Originally Posted by *almighty15* 
This benchmark is rubbish, DX9/10 doesn't look as bas bad as this benchmark makes it seem as they can use Parallax ocullsion mapping









Crysis DX9 with POM + 16xAF :



















Now the above pictures are not as good as tessalation but are better then what this benchmark gives the impression of what DX9/10 can do









Basically the benchmark is designed to make DX10/9 look bad.


----------



## Threefeet

While I have to admit it looks great, I agree with what most people say about this not being a fair comparison. Even the basic geometry detail has been lowered in the DX9/10 versions, e.g. the stairs (or should I say ramp?).

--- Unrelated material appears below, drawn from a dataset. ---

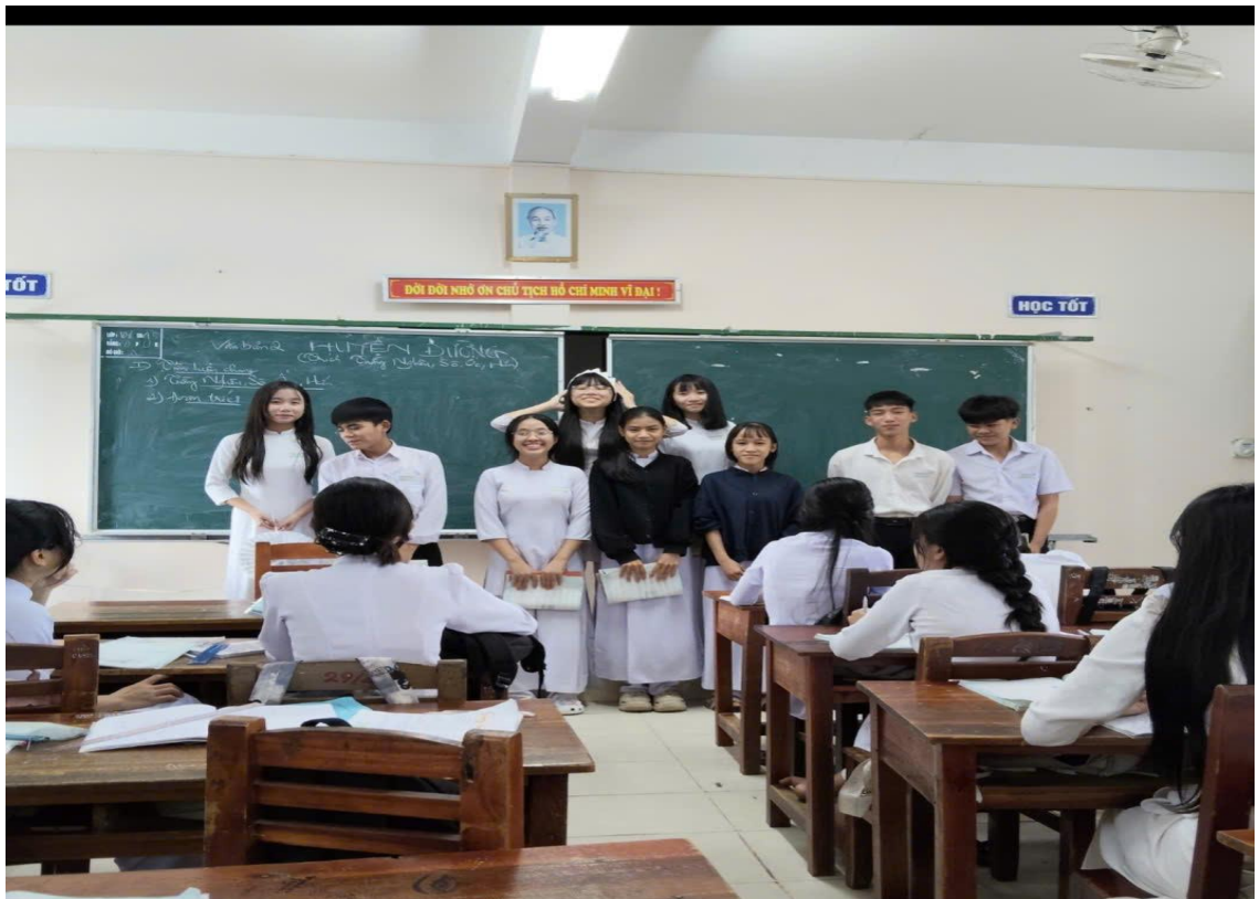
Đóng vai nhân vật- văn bản Huyện đường

I'm looking forward to seeing more accurate comparisons in a few months/years when the drivers are better.

And yes, I said _years_







**prepares to be lynched by the DX11 card owners**


----------



## brooze113

Quote:


Originally Posted by *TwoCables* 
Yeah, it's as if DX11 is like a major parallax occlusion mapping upgrade. Not only that, but it seems like there are more differences than just the ones that are very similar to POM. There are more details all _over_ the place!!! I love it!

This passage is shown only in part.